# Instincts are amazing



## Curtis B (Aug 15, 2008)

Our 6 month old LDG showed her first real instincts last night right after the birth of our newest kids. She immediatly started helping clean the new babies, nuzzleing, and even letting them cuddle and suck on her ears. When our alpha male came over to check on the kids she actually growled, lundged and bit him.:goodjob: He was sad to not get to be involved, but backed off. He is the alpha, the one who breaks up fights, repremends the others, and is usually the baby supervisor. To be fare, she is my first true LDG, but I am so amazed she has those kind of instincts at such a young age. 








[/IMG]








[/IMG]


I had to make her leave the pen with us, out of concern of over cleaning (even though she backed off the cleaning towards the end). She also was trying to clean momma. How involved do you let your LGD get with births.


----------



## Our Little Farm (Apr 26, 2010)

About the same. Once all is done, we call ours away and he will lay outside of the barn still very much in protection mode at all times. 
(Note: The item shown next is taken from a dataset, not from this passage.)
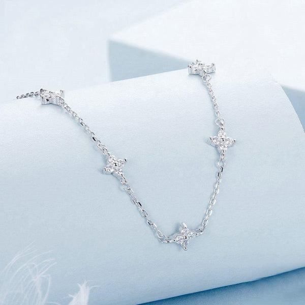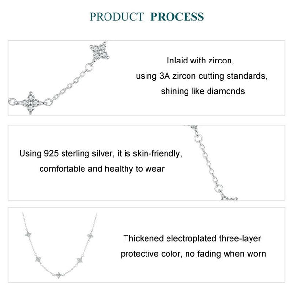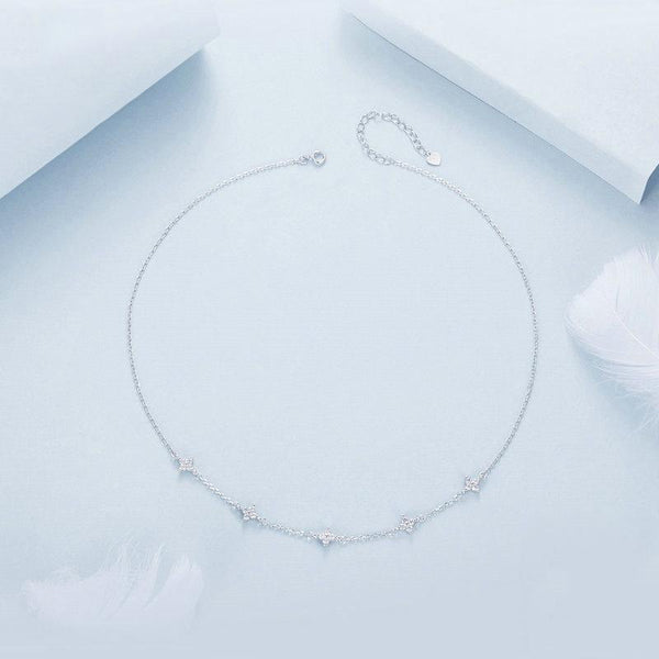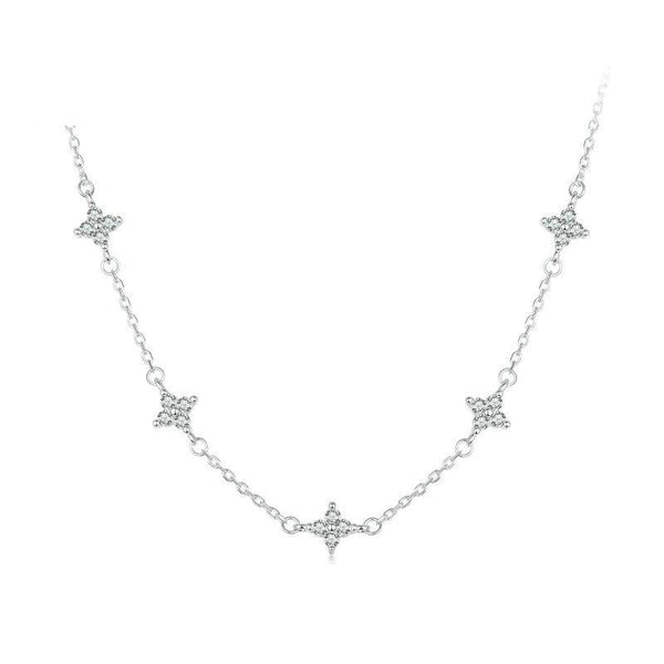 S925 Sterling Silver Platinum-plated Four-leaf Clover Star-shaped Clavicle Necklace(BSN394)
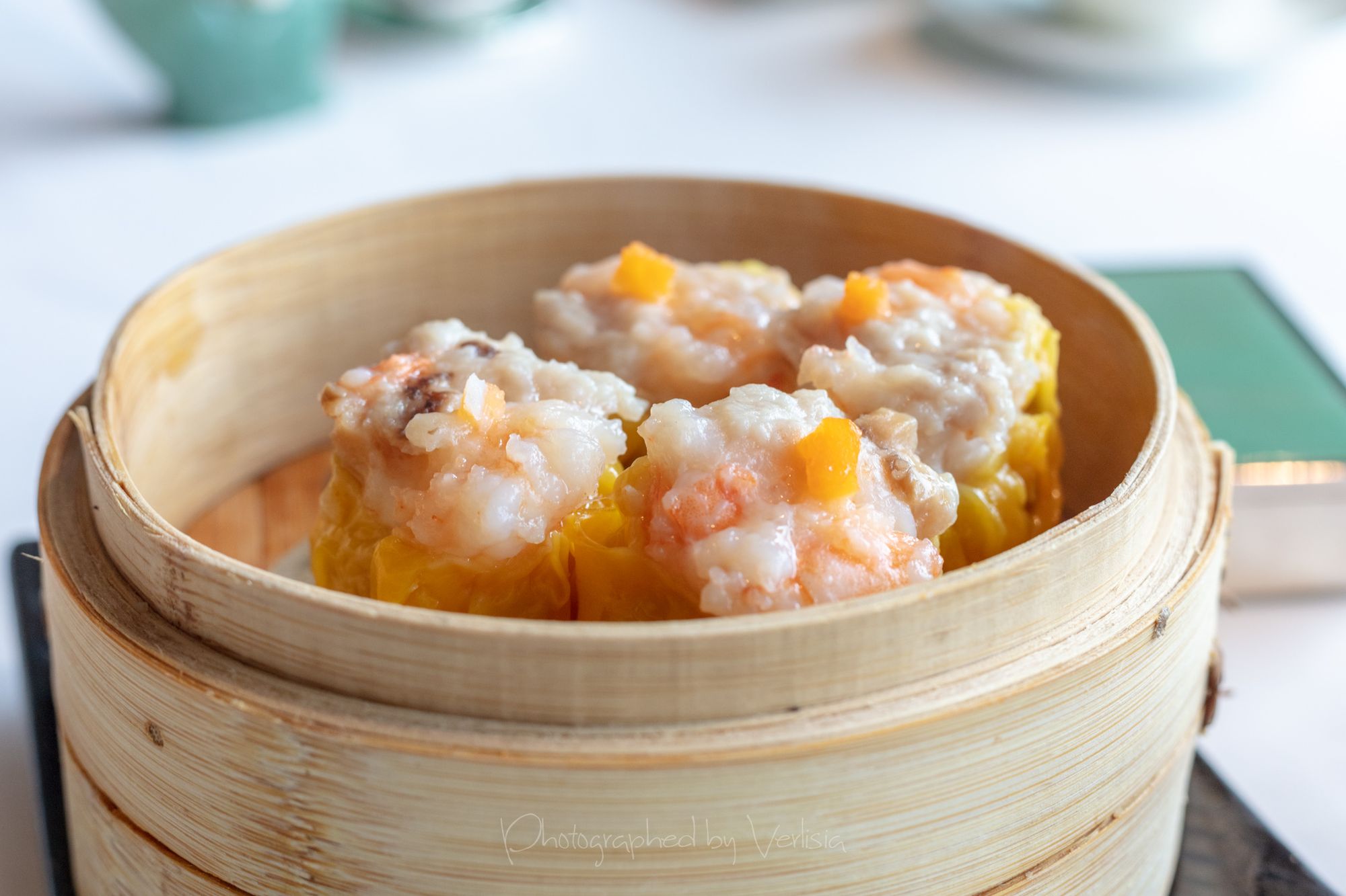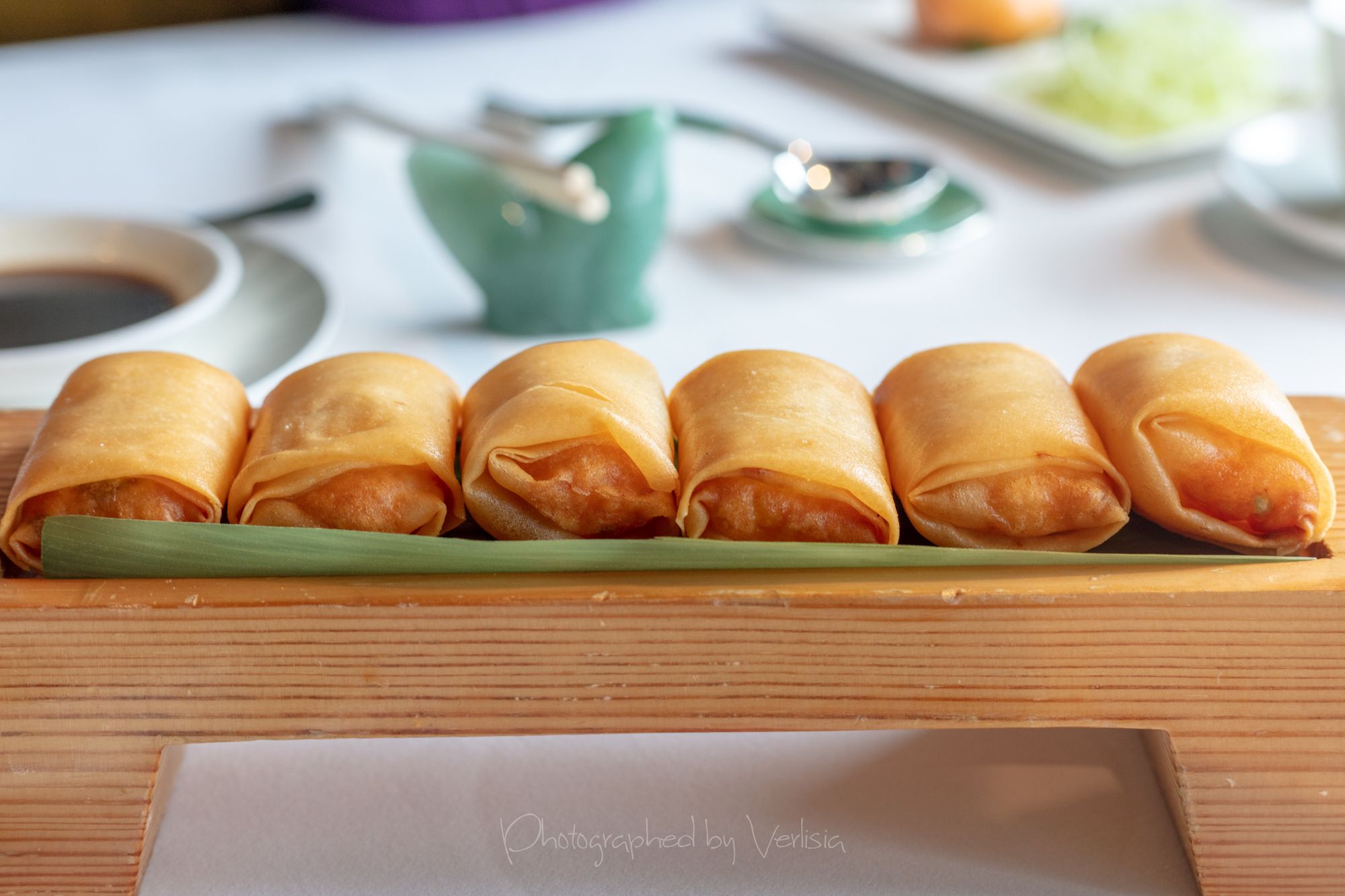 Steamed Pork and Prawn Dumplings with Crabmeat Roe, Crispy Spring Rolls with Seafood, Double Boiled Fish Maw and Sea Whelk

Congrats on your new arrival, and also a good LGD. They are truly worth their weight in gold.


----------



## Goat Servant (Oct 26, 2007)

Youve got to be bursting with pride & amazement! Good girl!!


----------



## Fowler (Jul 8, 2008)

I am grining from ear to ear with pride for your new girl....this makes me so happy.

Congrats!!


----------



## thestartupman (Jul 25, 2010)

Has anyone ever had any problems with an Ltd getting aggressive towards its owners when there where baby animals around?


----------



## mekasmom (Jan 19, 2010)

thestartupman said:


> Has anyone ever had any problems with an Ltd getting aggressive towards its owners when there where baby animals around?
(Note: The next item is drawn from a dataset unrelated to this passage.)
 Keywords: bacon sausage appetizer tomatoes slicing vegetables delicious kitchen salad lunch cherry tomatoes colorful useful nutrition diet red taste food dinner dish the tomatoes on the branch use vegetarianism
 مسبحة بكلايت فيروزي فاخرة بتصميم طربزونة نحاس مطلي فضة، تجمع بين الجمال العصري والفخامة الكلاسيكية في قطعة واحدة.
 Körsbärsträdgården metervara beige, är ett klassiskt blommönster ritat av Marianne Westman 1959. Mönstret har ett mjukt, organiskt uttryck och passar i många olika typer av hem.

No. But most people do interact with the dogs enough that the dogs see them as "pack or family" too. LGDs love kids, so that usually isn't an issue either.


----------



## Goatress (Feb 4, 2011)

Congratulations looks like you have an awesome guard in the making there....!


----------



## Curtis B (Aug 15, 2008)

thestartupman said:


> Has anyone ever had any problems with an Ltd getting aggressive towards its owners when there where baby animals around?


She isn't aggresive towards us, but can be towards the rest of the pack. Ours will sometimes bite at the other dogs around us. She still needs to learn that DD and DW are part of the pack and don't need protecting from the other dogs in our pack. I have yet to figure out if she is being more possesive, or protective, if there is much of a difference to her.


----------